Auto lenders and dealerships are strengthening their compliance staffs as the Consumer Financial Protection Bureau cracks down on lending practices. Lenders are beefing up to monitor dealerships more closely and dealerships are gearing up to face the added scrutiny.
“Staffing levels are definitely up” for lenders, said Andy Barksdale, managing director for TruPoint Partners, during a Webinar last week hosted by Center for Auto Finance Excellence. TruPoint is a consulting firm in Charlotte, N.C., that works with financial institutions in compliance.
Meanwhile, dealerships are debating whether to add more positions or pile more responsibilities on staffers who are already accountable for compliance, said Paul Metrey, chief regulatory counsel for financial services, privacy and tax at the National Automobile Dealers Association.
“Certainly compliance is going to require much more time and attention on the part of management,” he said in a phone interview on Monday. “Whether that means they need to take on additional personnel is up to them.”
Metrey said dealership staffs already keep up with a long list of compliance requirements, such as the Red Flags Rule, which is aimed at eliminating identify theft.
The Consumer Financial Protection Bureau touched off the escalation in compliance when it said a year ago it would go after lenders for allowing dealerships to decide their own payment for arranging an auto loan. The payment, called the dealer reserve or dealer markup, is an amount of interest that the dealership adds to the lender’s buy rate on a customer’s loan, usually capped at 2 percentage points.
The CFPB says dealer discretion in setting dealer reserve is a standing temptation for dealerships to hike rates as high as possible in order to increase their own compensation. Too often, the agency says, higher rates fall disproportionately on legally protected classes of buyers. The CFPB calls that a disparate impact, which constitutes illegal discrimination, even if it’s unintentional.
NADA counters that it doesn’t tolerate discrimination and that dealerships are motivated to use their discretion to keep interest rates as low as possible in order to compete.

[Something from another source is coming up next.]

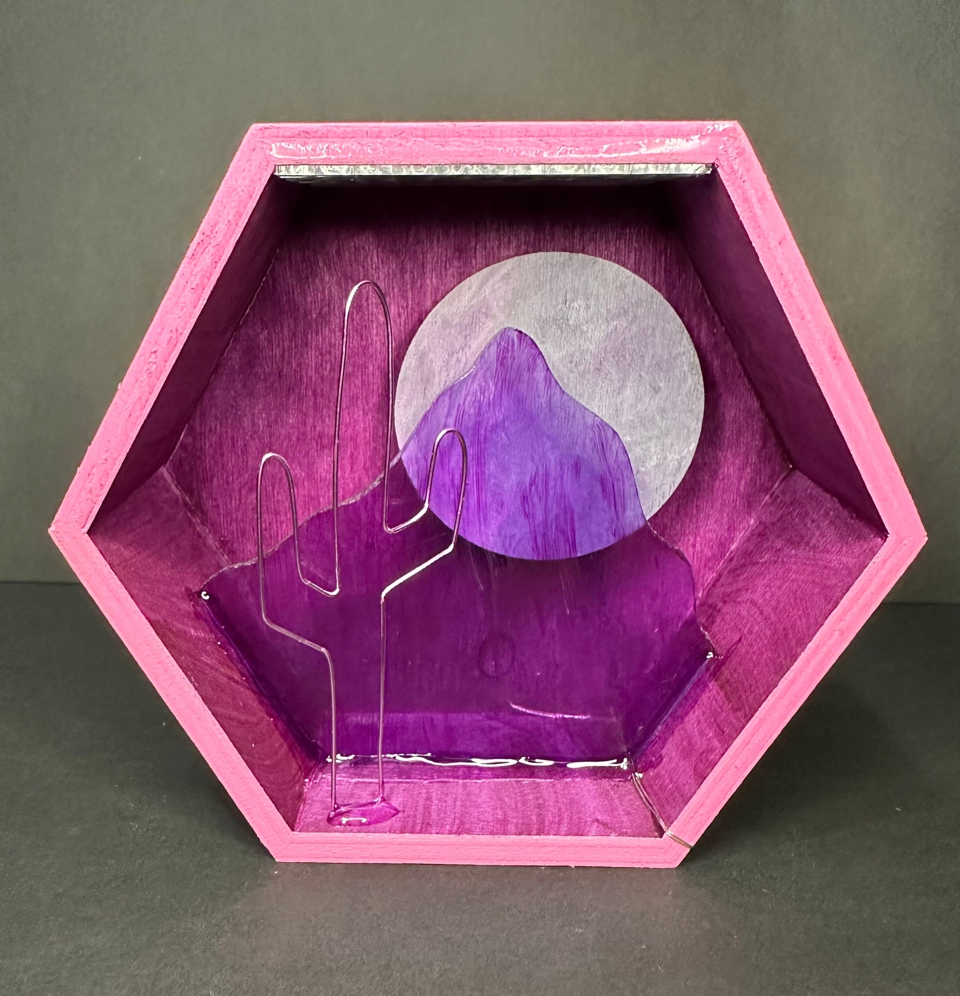 4” x 4” shadow box. Acrylic, paint, mirrors, and lights on wood.

The CFPB gave auto lenders a choice in March 2013: Switch to a compensation plan in which dealerships have no discretion, such as flat fees; or stick with dealer reserve and adopt much closer and stricter monitoring of loans originated at dealerships to detect any disparate impact on protected borrowers.
Lenders have stuck with dealer reserve -- even Ally Financial.

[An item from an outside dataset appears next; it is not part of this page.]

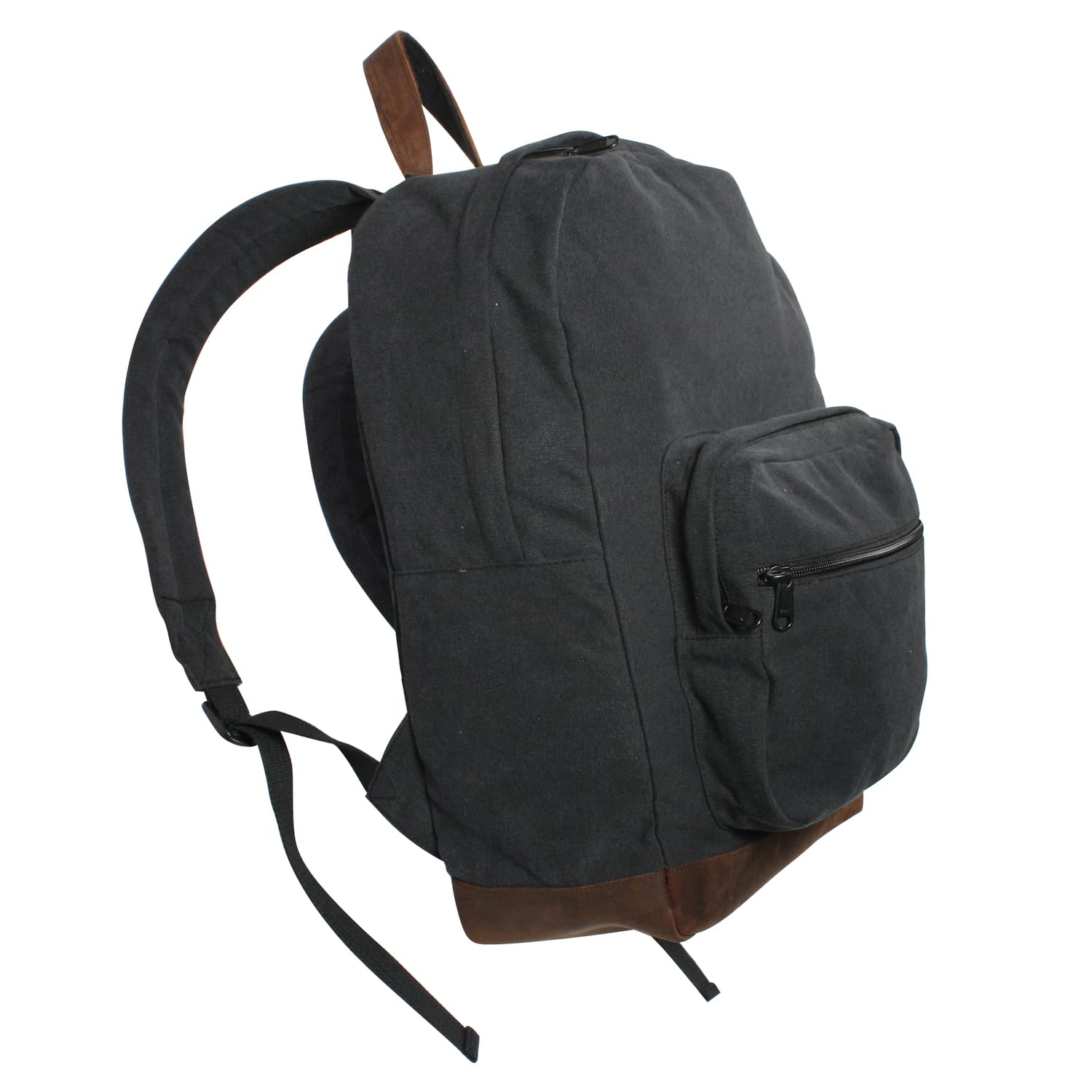 Whether you're carrying your gear on a hiking trip or books in school the Black Vintage Teardrop Canvas Backpack is perfect for you. This durable black canvas pack gives you a bag with classic military bookbag design you'll love and plenty of space you need. This black backpack features padded shoulder straps so you stay comfortable while on the move and a leather bottom that protects everything inside when you need to put the pack down. A large main compartment in this pack has an interior cell phone pocket and a cushioned section designed to keep your laptop safe while inside. Extra storage pouches on the front and top make sure you have everything you need close at hand, making this an ideal military style school bag. Get your Vintage Black Teardrop backpack today!

Ally paid a $98 million settlement in December resulting from a consent order with the CFPB and U.S. Department of Justice. Ally settled discrimination charges related to dealer reserve, while at the same time denying tolerating discrimination.
Lenders say they would lose share if they switched to flat fees or some other form of dealership compensation, unless all lenders switched at the same time.

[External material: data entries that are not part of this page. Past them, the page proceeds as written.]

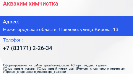 Аквахим, химчистка по адресу Нижегородская область, Павлово, улица Кирова, 13 в дальнейшем Организация, размещена в следующих категориях:
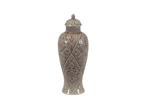 UTC 70882 Pink Ceramic Jar with Tribal Accent
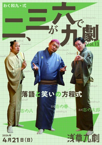 落語パフォーマンスでは、立川志の八、立川志の春、立川志の太郎による『二、三が六で九劇』が楽しめます。
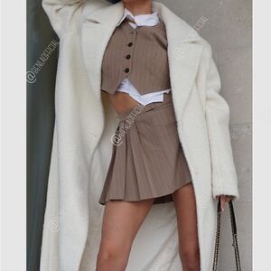 Stylish tan skirt set. Features a pleated skirt and buttoned vest. Perfect for chic outings.

Compliance is a growth area for corporate recruiters specializing in auto finance, said Terri Horn, managing director for People Strategies, a recruiting, training and consulting firm in El Cajon, Calif.
Horn, alongside Barksdale, participated in the Webinar, “Right-Sizing Your Compliance Staff,” last week.
“It’s kind of uncharted waters,” Horn said in a follow-up phone interview on Monday. “Nobody knows just what to expect, but they do know that monitoring is definitely going to continue to be a part of meeting these government expectations.”
Dealerships are preparing, too. Metrey said NADA can scarcely keep up with demand for training under a Fair Credit Compliance program the agency launched in January.
Under the program, dealerships decide on a fixed rate for dealer reserve. The rate is never to be exceeded. The dealership documents any discounts with a “business reason” why the dealership had to deviate from the fixed rate -- for example, to meet or beat a competing rate. The plan is modeled after the settlement in a 2007 Justice Department discrimination case involving dealer reserve.
“We have been traveling just about every week all over the country to different states” since the plan was introduced, Metrey said. “Demand is so high for training, we had a ‘train the trainers’ session so that state dealer associations could start to do that.”